ATC-PMC führt Bewertung der Umsetzung des Anti-Terrorismus-Gesetzes in Eastern Visayas durch
Das Anti-Terrorism Council-Program Management Center (ATC-PMC) hat seine regionale Informationskampagne um eine erste Bewertung der Umsetzung des Anti-Terrorismus-Gesetzes von 2020 (ATA 2020) in Eastern Visayas erweitert, um zukünftige Antiterrormaßnahmen zu stärken und den Schutz der Menschenrechte sicherzustellen. Die Informations- und Bewertungstour, die vom 23. bis 25. Juni in Palo, Leyte, stattfand, brachte Vertreter von Strafverfolgungs- und Militäreinheiten, lokalen Regierungsbehörden, zivilen Organisationen und nationalen Regierungsbehörden zusammen, darunter die Kommission für Menschenrechte, das Innenministerium, das Nationale Ermittlungsbüro und der Anti-Geldwäsche-Rat.

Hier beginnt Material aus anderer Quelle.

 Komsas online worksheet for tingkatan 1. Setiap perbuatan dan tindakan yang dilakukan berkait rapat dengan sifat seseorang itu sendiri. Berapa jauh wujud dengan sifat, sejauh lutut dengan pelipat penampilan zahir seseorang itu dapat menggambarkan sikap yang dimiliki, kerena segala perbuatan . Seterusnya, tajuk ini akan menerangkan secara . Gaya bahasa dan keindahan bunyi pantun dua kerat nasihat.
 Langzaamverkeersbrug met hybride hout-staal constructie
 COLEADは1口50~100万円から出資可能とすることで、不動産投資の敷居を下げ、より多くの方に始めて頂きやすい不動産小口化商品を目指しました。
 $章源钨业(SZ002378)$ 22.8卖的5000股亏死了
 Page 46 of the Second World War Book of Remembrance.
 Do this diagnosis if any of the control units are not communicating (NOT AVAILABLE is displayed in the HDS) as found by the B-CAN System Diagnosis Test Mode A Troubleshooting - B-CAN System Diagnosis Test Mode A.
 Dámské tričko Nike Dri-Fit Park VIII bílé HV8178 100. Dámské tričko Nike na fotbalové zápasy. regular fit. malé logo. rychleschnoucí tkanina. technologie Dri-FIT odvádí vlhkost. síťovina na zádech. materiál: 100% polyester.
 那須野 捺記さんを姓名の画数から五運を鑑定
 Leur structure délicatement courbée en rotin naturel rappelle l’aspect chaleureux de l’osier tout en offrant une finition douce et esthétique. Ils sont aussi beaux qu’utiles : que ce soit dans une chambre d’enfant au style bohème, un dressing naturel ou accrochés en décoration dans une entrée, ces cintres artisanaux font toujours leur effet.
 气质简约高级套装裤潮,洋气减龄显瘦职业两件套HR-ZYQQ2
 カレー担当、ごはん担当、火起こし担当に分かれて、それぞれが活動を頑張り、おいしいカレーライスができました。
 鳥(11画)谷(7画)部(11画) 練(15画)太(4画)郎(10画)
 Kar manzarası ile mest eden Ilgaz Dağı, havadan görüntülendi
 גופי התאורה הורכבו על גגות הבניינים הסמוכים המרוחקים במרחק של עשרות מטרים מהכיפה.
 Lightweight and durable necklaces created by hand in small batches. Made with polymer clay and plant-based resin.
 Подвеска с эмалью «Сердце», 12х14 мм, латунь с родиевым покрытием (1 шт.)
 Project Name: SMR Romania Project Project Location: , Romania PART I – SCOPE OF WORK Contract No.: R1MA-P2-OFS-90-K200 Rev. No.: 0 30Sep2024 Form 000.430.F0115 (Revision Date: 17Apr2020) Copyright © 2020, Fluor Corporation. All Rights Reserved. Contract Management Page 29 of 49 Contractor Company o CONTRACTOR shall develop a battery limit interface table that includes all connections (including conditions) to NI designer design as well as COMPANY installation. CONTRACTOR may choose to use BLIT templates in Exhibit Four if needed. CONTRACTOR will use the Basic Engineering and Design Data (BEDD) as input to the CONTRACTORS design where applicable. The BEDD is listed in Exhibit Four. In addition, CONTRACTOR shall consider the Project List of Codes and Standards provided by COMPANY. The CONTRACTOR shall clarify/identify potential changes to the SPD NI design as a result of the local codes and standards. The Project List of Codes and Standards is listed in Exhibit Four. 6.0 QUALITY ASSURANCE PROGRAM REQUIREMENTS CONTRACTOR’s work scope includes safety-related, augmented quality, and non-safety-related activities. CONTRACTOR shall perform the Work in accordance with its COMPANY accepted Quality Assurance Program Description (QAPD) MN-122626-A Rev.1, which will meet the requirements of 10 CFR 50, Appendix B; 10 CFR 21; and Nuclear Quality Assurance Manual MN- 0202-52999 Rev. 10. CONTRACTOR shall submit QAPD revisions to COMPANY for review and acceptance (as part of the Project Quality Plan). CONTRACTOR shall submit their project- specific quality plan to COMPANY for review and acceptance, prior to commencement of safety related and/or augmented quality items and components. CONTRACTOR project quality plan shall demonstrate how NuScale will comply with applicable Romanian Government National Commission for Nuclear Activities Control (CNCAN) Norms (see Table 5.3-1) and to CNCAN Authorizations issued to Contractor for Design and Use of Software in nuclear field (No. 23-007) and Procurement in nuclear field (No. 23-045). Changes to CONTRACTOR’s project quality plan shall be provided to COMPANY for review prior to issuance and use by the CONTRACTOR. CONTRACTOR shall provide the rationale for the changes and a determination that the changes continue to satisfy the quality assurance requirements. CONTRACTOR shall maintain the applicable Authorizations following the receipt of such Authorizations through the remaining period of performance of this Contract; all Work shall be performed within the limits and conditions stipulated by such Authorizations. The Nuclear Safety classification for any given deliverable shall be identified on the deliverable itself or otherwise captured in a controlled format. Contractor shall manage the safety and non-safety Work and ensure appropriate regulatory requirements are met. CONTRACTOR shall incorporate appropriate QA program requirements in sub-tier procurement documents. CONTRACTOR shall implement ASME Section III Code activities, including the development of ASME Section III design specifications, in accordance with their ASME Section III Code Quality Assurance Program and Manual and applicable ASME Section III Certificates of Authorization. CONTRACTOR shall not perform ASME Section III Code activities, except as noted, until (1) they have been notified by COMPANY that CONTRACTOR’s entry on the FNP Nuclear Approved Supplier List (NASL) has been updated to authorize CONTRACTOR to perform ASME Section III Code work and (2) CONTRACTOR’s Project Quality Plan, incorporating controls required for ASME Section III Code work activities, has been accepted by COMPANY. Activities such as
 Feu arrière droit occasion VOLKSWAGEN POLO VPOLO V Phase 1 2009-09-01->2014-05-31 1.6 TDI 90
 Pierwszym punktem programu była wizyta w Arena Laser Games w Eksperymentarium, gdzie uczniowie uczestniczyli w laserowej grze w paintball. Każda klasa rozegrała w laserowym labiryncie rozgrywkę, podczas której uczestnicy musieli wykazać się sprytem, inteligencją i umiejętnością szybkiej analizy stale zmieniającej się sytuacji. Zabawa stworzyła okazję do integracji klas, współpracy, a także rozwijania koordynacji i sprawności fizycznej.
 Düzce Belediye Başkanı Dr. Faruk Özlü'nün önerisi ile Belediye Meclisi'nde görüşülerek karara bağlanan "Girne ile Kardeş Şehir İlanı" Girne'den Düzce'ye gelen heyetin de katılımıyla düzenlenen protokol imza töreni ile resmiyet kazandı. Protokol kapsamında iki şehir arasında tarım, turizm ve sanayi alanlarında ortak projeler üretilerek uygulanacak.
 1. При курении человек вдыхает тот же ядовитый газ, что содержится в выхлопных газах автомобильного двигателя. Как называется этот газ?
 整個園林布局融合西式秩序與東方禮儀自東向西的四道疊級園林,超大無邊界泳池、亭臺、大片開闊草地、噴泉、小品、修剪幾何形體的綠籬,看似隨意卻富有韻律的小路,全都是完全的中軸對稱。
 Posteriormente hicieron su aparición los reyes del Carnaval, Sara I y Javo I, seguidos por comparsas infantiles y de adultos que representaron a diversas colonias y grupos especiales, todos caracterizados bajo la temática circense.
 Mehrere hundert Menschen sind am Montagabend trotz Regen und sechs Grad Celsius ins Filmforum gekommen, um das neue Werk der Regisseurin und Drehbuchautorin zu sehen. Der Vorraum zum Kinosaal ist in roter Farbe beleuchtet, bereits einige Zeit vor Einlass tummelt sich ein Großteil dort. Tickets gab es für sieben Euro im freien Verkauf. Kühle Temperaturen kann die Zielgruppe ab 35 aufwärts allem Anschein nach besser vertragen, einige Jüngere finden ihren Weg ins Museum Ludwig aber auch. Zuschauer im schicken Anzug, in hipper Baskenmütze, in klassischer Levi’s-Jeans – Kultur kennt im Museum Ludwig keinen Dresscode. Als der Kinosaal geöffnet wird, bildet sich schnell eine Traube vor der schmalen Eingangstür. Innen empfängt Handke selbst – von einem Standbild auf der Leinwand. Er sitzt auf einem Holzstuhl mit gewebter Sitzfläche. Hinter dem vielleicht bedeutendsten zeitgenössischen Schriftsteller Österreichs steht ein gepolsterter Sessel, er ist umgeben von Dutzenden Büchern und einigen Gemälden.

Laut Rechtsanwalt John Rowie B. Domingo, stellvertretender Leiter der Direktion für Rechtsstaatlichkeit und internationale Zusammenarbeit des ATC-PMC, markierte die Veranstaltung einen Wandel gegenüber früheren Informationskampagnen durch die Einbeziehung eines formellen Bewertungsmechanismus, der dabei helfen wird, zukünftige politische Richtungen zu gestalten. Die Tour wurde gemäß der Verwaltungsanordnung Nr. 22 vom Jahr 2024 durchgeführt und unterstützt die Verpflichtungen des Landes im Rahmen des gemeinsamen Menschenrechtsprogramms der Vereinten Nationen.
Domingo sagte, dass die Diskussionen betonten, dass Antiterrormaßnahmen stets an der Rechtsstaatlichkeit und der Achtung der Menschenrechte ausgerichtet sein müssen. Themen umfassten Schutzmaßnahmen gemäß dem ATA 2020, wie die Bezeichnung und das Verbot von terroristischen Organisationen, Überwachungsmaßnahmen und Bemühungen zur Unterdrückung der Terrorismusfinanzierung. Die Teilnehmer erhielten außerdem Informationen über die nationale Antiterrormstrategie 2021 und den nationalen Aktionsplan zur Verhinderung und Bekämpfung von gewalttätigem Extremismus, wobei die Rolle der Gemeinschaftsresilienz und der multisektoralen Zusammenarbeit bei der Bekämpfung von Sicherheitsbedrohungen hervorgehoben wurden.
Die Veranstaltung umfasste auch Updates zu staatlichen Gemeinschaftsunterstützungsprogrammen, die die Rolle der philippinischen Nationalpolizei und der Streitkräfte der Philippinen bei Aufstandsbekämpfung und Friedensaufbau, einschließlich der Räumung von aufständischen beeinflussten Barangays, der Reintegration ehemaliger Rebellen und Initiativen zur Stärkung lokaler Gemeinschaften, hervorhoben. Es fanden auch Sitzungen zu chemischen, biologischen, radiologischen und nuklearen Vorbereitungen und strategischen Kommunikationen statt, um den Teilnehmern ein breiteres Verständnis für aufkommende terrorismusbezogene Bedrohungen zu vermitteln.
Ein wichtiger Bestandteil der Tour war die erste Bewertung der Umsetzung des ATA in der Region. Unter der Chatham-House-Regel, um eine offene Diskussion zu fördern, führten die Teilnehmer strukturierte Umfragen durch, um operationale Lücken, Ressourcenanforderungen und Herausforderungen bei der behördenübergreifenden Koordination zu identifizieren. Domingo sagte, dass die Ergebnisse in einen umfassenden ATC-PMC-Bericht einfließen werden, der zukünftige politische und operative Verbesserungen leiten wird. Er fügte hinzu, dass die Veranstaltung in Eastern Visayas als Modell für ähnliche Initiativen im ganzen Land dient, indem öffentliche Sensibilisierung mit evidenzbasierter Politikbewertung kombiniert wird, um das Engagement der Regierung für wirksame Antiterrormaßnahmen bei gleichzeitiger Wahrung der Menschenrechte zu unterstreichen.